Coarctation of aorta continues to be an important acyanotic heart disease . Now , early recognition and intervention is possible with the availability of sophisticated imaging and interventional modalities.
Our understanding of this entity , even though appears complete . . . it is not , especially the complexities of the collateral circulation and the associated malformation.Even in this 21 st century , unexpected circulatory compromise are reported in the postoperative phase from various vascular beds (Spinal, mesentric, limbs etc)
It is also surprising to note , much innocuous entities like ASDs ,VSDs have popular anatomical and functional classification.It is a rare excercise , for cardiology fellows to classify co-arctation of aorta .This , in spite of the fact, we have a meticulous classification suggested by Amato , way back in 1991 published in Annals of thoracic surgery .

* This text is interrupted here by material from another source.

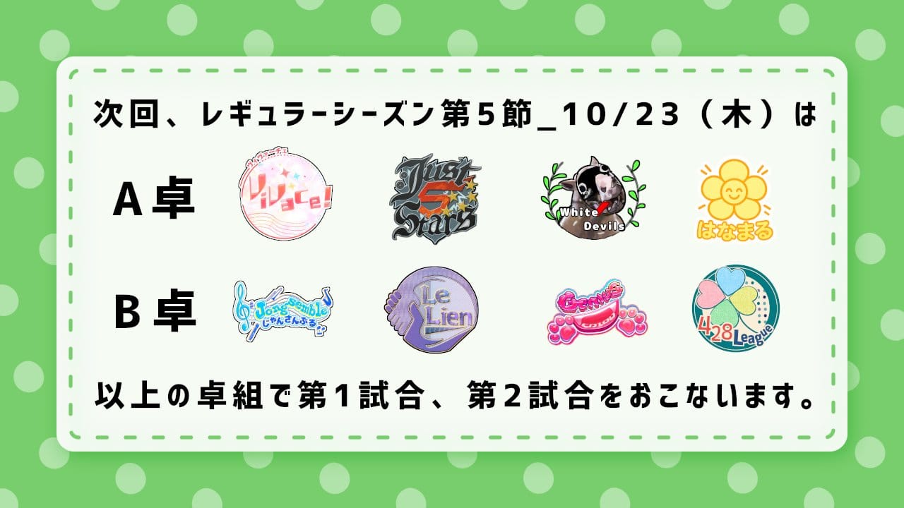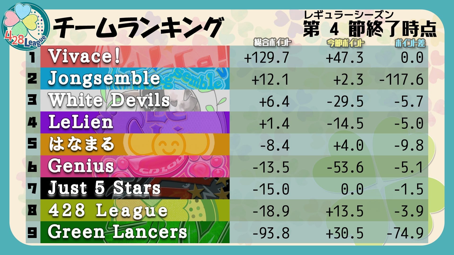 第4節は、Just 5 Starsが抜け番となり、残る8チームで試合が行われた。
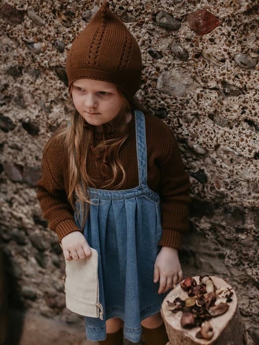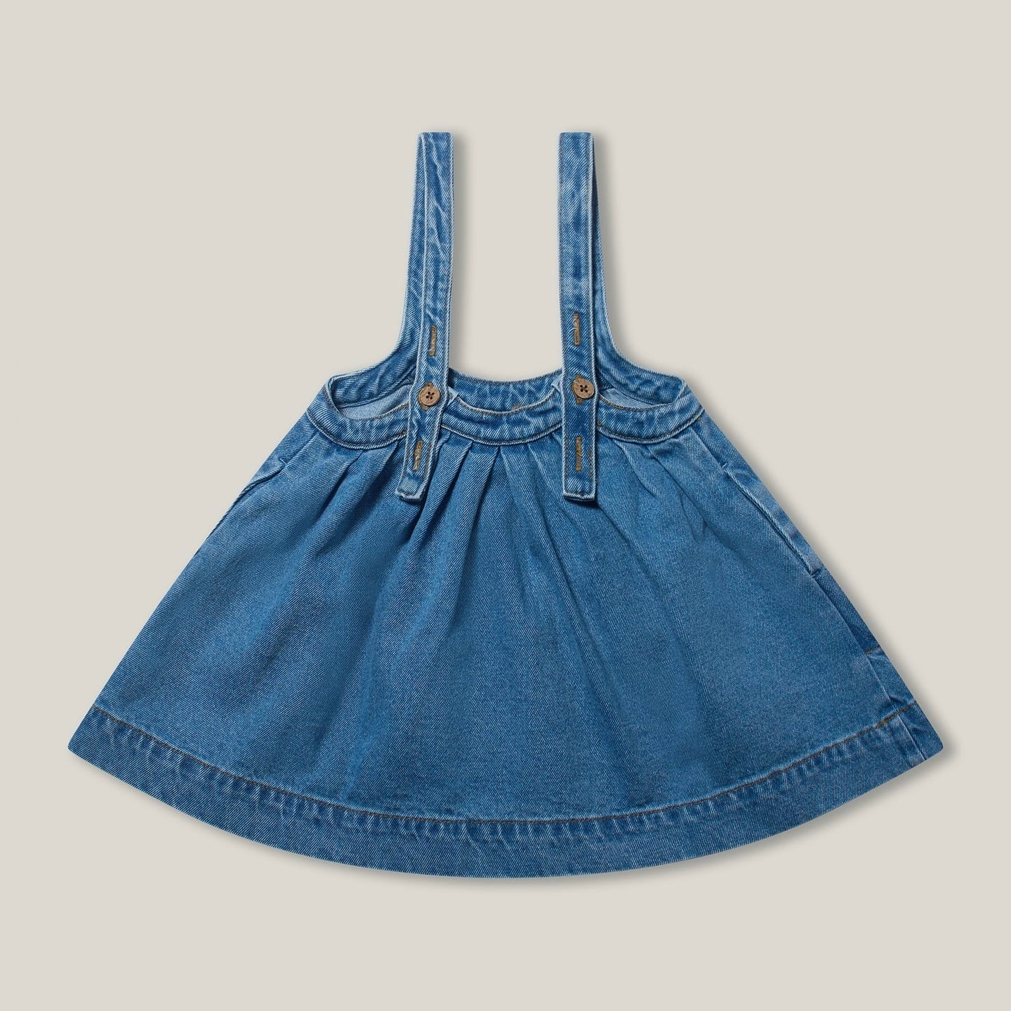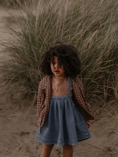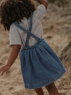 軽やかなデニムで仕立てたピナフォア。快適でカジュアル、それでいてさりげなくおしゃれな一枚です。ゆったりとしたシルエットは、ダンスやくるくる回る遊び、子どもたちの自由な冒険を思いきり楽しめるよう丁寧に作られています。

Let us be aware of this . . . Click the link below for Amato’s classification
Type 1 Primary Aortic Coarctation
Type 2 Coarctation with Isthmus hypoplasia
Type 3 Coarctation with Tubular hypoplasia of distal arch
3A- With VSD
3B-With complex LV outflow lesions
* Ideally we need to include BCAV and status of ductus , suitability of aortic stenting in the classification.
Other old classifications
Infantile :which later became known as pre-ductal, and adult which later became known as post-ductal . These became obsolete , as we came to know all coarctation or juxta-ductal .(Very difficult to separate into pre or post ductal coarctation by simply looking at it , without knowing the hemodynamics )
1.Isolated coarctation 2.Co- arctation with VSD 3.Co arctation with complex heart anomalies.